CCP defines command envelopes and confirmation semantics; EAS defines evidence artifacts; RCP defines recovery actions; IDS defines replay-safe execution. However, implementations often diverge on lifecycle stages and transition ordering, breaking interoperability and audits. SMCL provides a single normative lifecycle FSM that:

  • standardizes state naming
  • constrains valid transitions
  • defines terminal states
  • specifies required evidence for each transition
  • formalizes idempotent re-entry behavior under duplicates/retries

II. Scope

SMCL specifies:

  • A canonical command lifecycle FSM for primary commands
  • A canonical lifecycle for recovery commands and compensation
  • Transition constraints and invalid transition handling
  • Evidence emission requirements per lifecycle stage
  • Idempotent re-entry and outcome replay semantics alignment with IDS
  • Minimal conformance tests mapping (TVRS/CATS)

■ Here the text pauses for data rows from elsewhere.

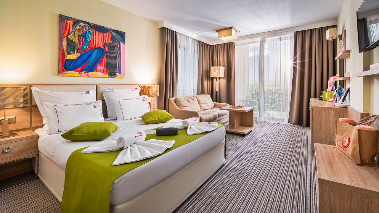- Двойна стая Делукс - 2 възрастни + 1 дете или 3 възрастни или 2 възрастни + 2 деца (хотелът разполага с 2 бр. по-големи стаи, които са с възможност за настаняване на 2 възрастни + 2 деца (спалня и разтегателен диван)
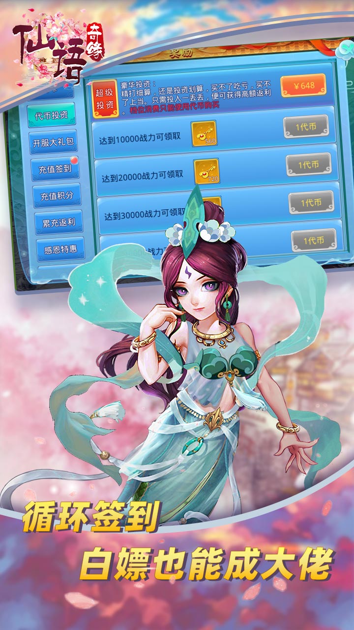 登录好礼:玩家连续登录送大礼,每天都赠送价值超过100元的道具以及金币奖励,第七天和第十五天直接赠送圣兽一只。
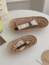 Experience the beauty of simple living with this hand-woven rattan basket bowl. Crafted from natural rattan, its oval shape and intricate weave bring a touch of organic warmth to any space, blending seamlessly with your refined aesthetic.
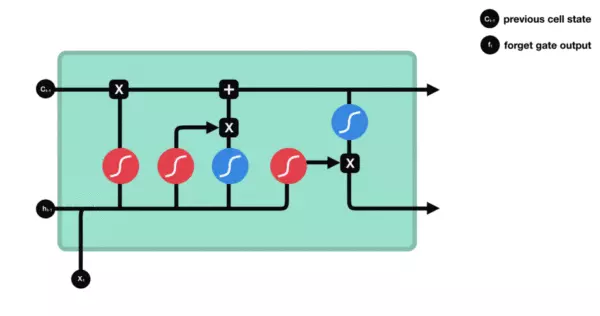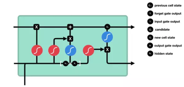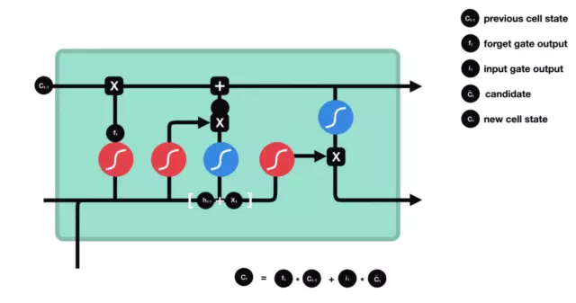 单元状态有点像传送带。它沿着整个链一直走,只有一些微小的线性相互作用。信息很容易在不改变的情况下流动。单元状态如下图所示。

SMCL does not define internal workflow engines; it defines observable behavior.

III. Normative Language

MUST, MUST NOT, SHOULD, SHOULD NOT, MAY are normative.

IV. Definitions

Primary Command: The original command requested by the user.
Recovery Command: A command that retries/cancels/reprocesses/compensates a primary command.
Lifecycle State: The current stage in the FSM.
Transition: Allowed movement from one state to another.
Terminal State: A state after which no further execution transitions may occur (except governed recovery).

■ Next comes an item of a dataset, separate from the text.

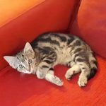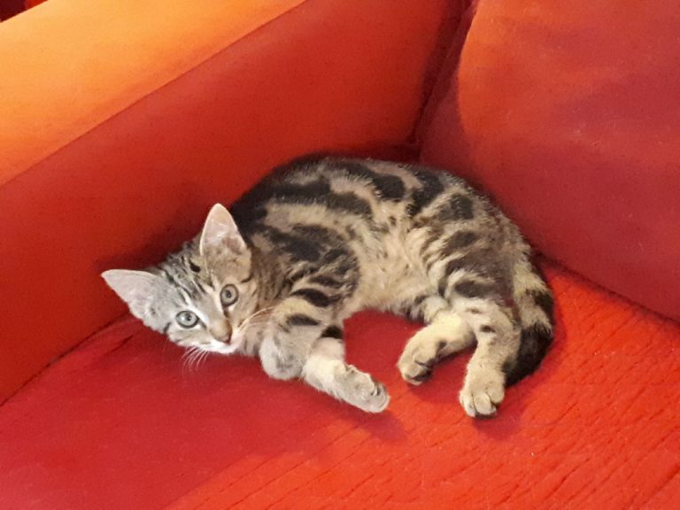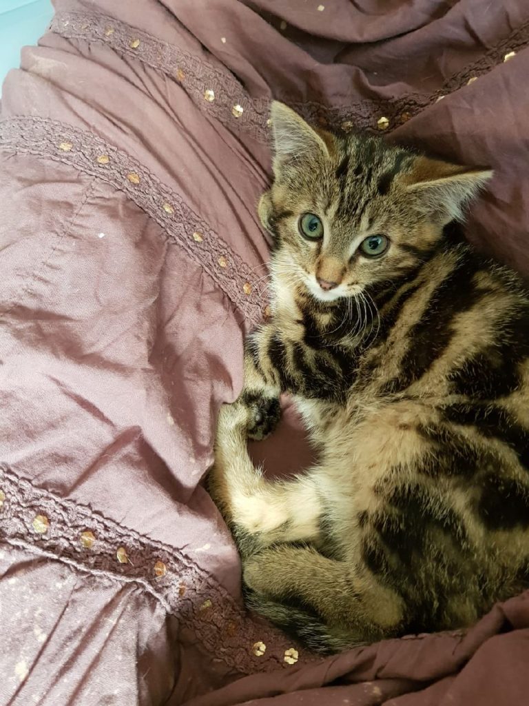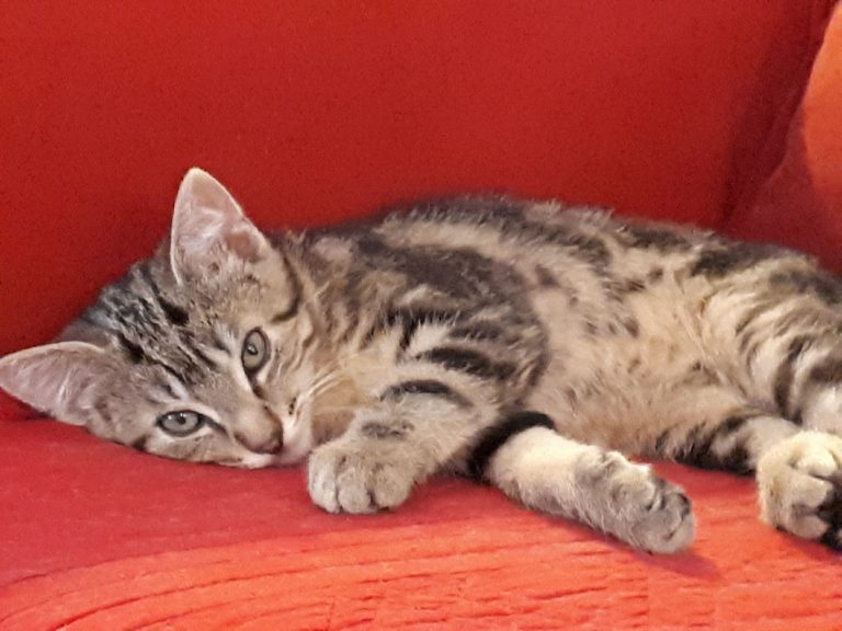 Bonjour, je m'appelle Max. Je suis un chaton tigré avec un pelage d'une belle couleur chaude et un regard puissant de félin.

V. Canonical Lifecycle FSM (Primary Commands)

A. States (Normative Set)

Every primary command MUST be modeled with the following states:

  • S0: received — raw input received (pre-envelope)
  • S1: canonicalized — envelope created and persisted
  • S2: confirmation_required — confirmation requested (if mutating)
  • S3: confirmed — confirmation satisfied
  • S4: authz_pending — authorization evaluation pending
  • S5: authorized — authorization granted
  • S6: rejected — rejected (validation, authz deny, policy deny, ambiguity) (terminal)
  • S7: started — execution started (effects may begin)
  • S8: executed — execution completed successfully (terminal)
  • S9: failed — execution failed (terminal for primary execution; recovery may follow)
  • S10: canceled — execution canceled / halted (terminal)
  • S11: compensated — compensation completed (terminal)

Notes:

  • Read-only commands MAY skip confirmation states (S2/S3).
  • Some implementations may merge authz_pending/authorized; if so, they MUST still expose semantically equivalent evidence and ordering.

B. State Meanings

  • received is pre-envelope and MUST NOT mutate state.
  • canonicalized is the earliest point where command_id exists.
  • confirmed indicates the human confirmation gate is satisfied.
  • authorized indicates scope/step-up gates are satisfied.
  • started indicates execution has begun and side effects may occur.
  • executed indicates effects are completed and consistent.
  • failed indicates execution ended with error; recovery may be possible.
  • compensated indicates compensation achieved a defined terminal correction.

VI. Transition Rules (Normative)

A. Allowed Transitions (Primary Commands)

Implementations MUST enforce the following allowed transitions:

  1. received → canonicalized
  2. canonicalized → confirmation_required (if mutating and not auto-confirmed by policy)
  3. confirmation_required → confirmed
  4. canonicalized → authz_pending (read-only or pre-confirm validation path allowed)
  5. confirmed → authz_pending
  6. authz_pending → authorized OR authz_pending → rejected
  7. authorized → started
  8. started → executed OR started → failed OR started → canceled
  9. failed → compensated (only if compensation executed successfully)
  10. executed → compensated (allowed only if business-defined compensation exists and is governed)

B. Invalid Transitions

If an invalid transition is attempted (e.g., executed → started), the system MUST:

  • reject the transition,
  • emit evidence indicating invalid_transition_attempt, and
  • preserve the prior terminal state.

C. Confirmation Ordering Invariant

For any mutating command, started MUST NOT occur unless confirmed has occurred (except explicit, policy-declared “safe auto-confirm” which MUST be auditable and rare).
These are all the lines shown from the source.